Text: Verena Konrad | Fotos: Petra Rainer

Manchmal liegt das Gute so nah. Man muss nicht auf die amerikanische Halbinsel Cape Cod reisen, um Mid-century-Architektur unverändert und stilecht erleben zu können. Ein Stadthaus in Bregenz beherbergt einen seltenen Schatz, der von Karin Guldenschuh gefunden und als solcher erkannt und sorgsam neu aufbereitet wurde. Nicht viele neue Wohnungsbesitzer(innen) hätten so agiert. Meist widerspricht die vorhandene Einrichtung den Wünschen der neuen Nutzer(innen). Dabei boomt der „Mid-century modern“ in der Innenarchitektur seit einigen Jahren wieder, vor allem aber bezogen auf einzelne Einrichtungselemente und Möbel. Diese Wohnung jedoch exerziert den Stil bis ins letzte Detail.

Die amerikanische Journalistin Cara Greenberg hat „Mid-century modern“ 1983 einen Namen gegeben. Sie beschreibt in einem gleichnamigen Buch eine vor allem auf Möbel konzentrierte Designbewegung in den USA der 1950er-Jahre, die von dort aus schnell Verbreitung fand. Etwas verallgemeinernd könnte man sagen, dass sie an die modernen Strömungen des schweizerisch-französischen Architekten Le Corbusier oder an die Moderne der Kunsthochschule „Bauhaus“ anknüpfte. Viele ihrer bekannten Vertreterinnen und Vertreter waren im Zweiten Weltkrieg in die USA geflohen.
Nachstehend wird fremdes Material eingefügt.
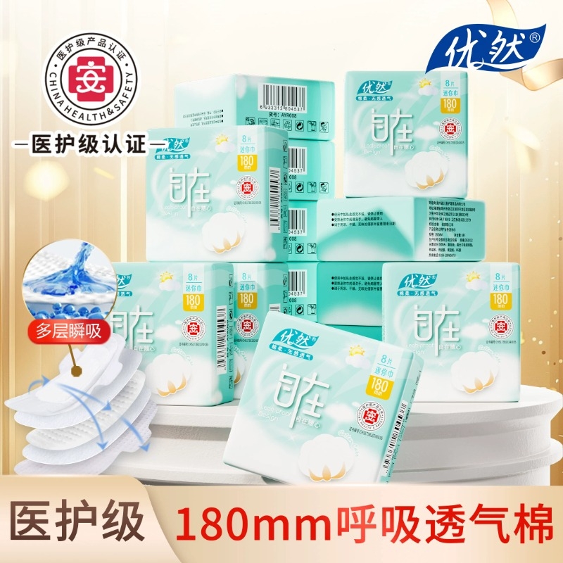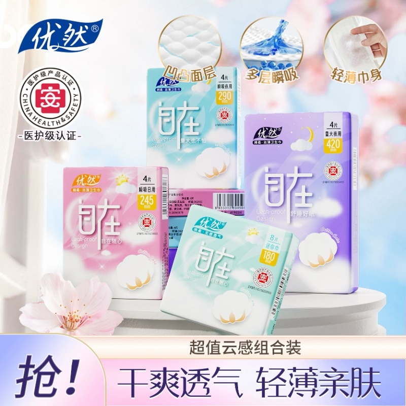 优然医护级卫生巾棉柔超薄组合日夜透气加长学生亲肤姨妈巾420mm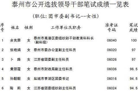 平心而論,這位靚靚同學(xué)的工作應(yīng)該是不錯(cuò)的。在某網(wǎng)站論壇上,網(wǎng)友“木有下文”貼出了“泰州市公開選拔領(lǐng)導(dǎo)干部筆試成績(jī)一覽表”,孫靚靚以94.5分居第五名,但在其它考核中她迎頭趕上,最終奪得泰州市團(tuán)市委副書記一職。該網(wǎng)友還提供了一份網(wǎng)上資料,“孫靚靚是作為江蘇省委組織部2006屆選調(diào)生被選為預(yù)備干部的。按國(guó)家的有關(guān)規(guī)定,各單位的選調(diào)生一般都作為黨政領(lǐng)導(dǎo)干部后備人選和縣級(jí)以上黨政機(jī)關(guān)高素質(zhì)的工作人員人選,而在上調(diào)之前基本上都會(huì)放在基層煅煉。”
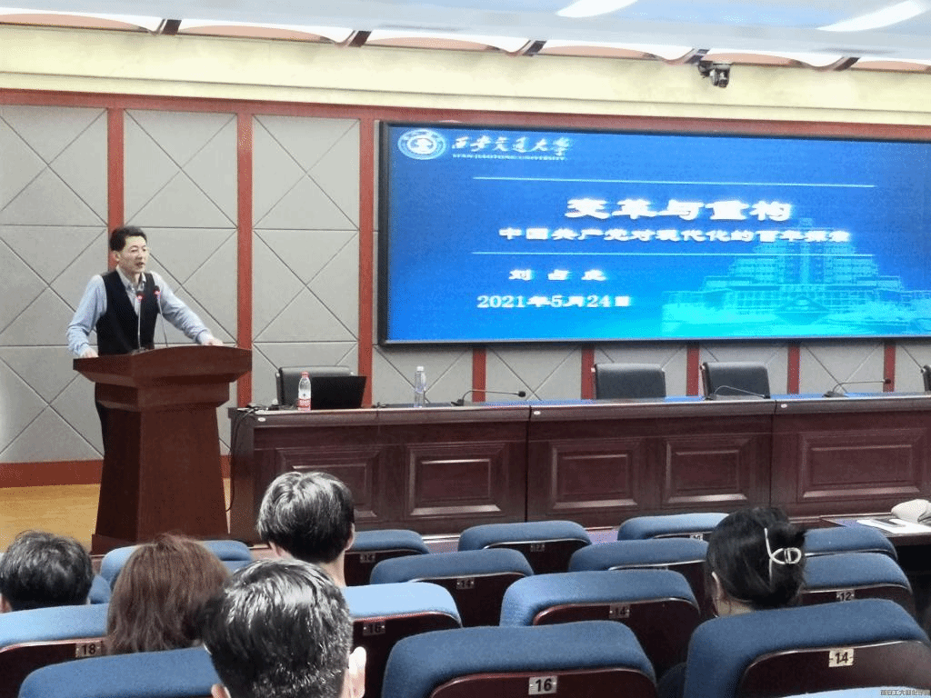 5月24日,西安交通大学马克思主义学院博士生导师刘占虎应邀为材化师生做题为《中国共产党对现代化的百年探索》的党史学习专题报告。报告会由学院党委副书记张艳霞主持。

Den „Mid-century-Stil zeichnen klare Linien aus, geometrische Formen. Diese werden immer wieder von sanften, organischen Kurven unterbrochen. Er setzt auf Funktionalität. Farben und Materialien sind ebenso modern und können heute in der Datierung wertvolle Dienste leisten. „Mid-century modern“ brachte das neue Möbeldesign in die Haushalte. Die Bewegung geht einher mit dem wirtschaftlichen Aufschwung in den USA, mit der Modernisierung der Haushalte, sie ist Ausdruck eines Aufbruchs, von Optimismus, aber auch von Effizienz. So war die Nachfrage nach diesen Produkten auch enorm und schwappte bald auf andere Kontinente über.

„Die einstige Wohnung und Privatpraxis einer Augenfachärztin stand lange Zeit leer.
Umso erstaunlicher ist es, dass die Originalmöbel aus den 1950er-Jahren so gut erhalten sind.“

Karin Guldenschuh
Besitzerin

In Bregenz hat sich ein solches Kleinod unbemerkt erhalten. Es ist eine der seltenen Wohnungen mit originaler Ausstattung, die die Modernität dieser Zeit konserviert hat.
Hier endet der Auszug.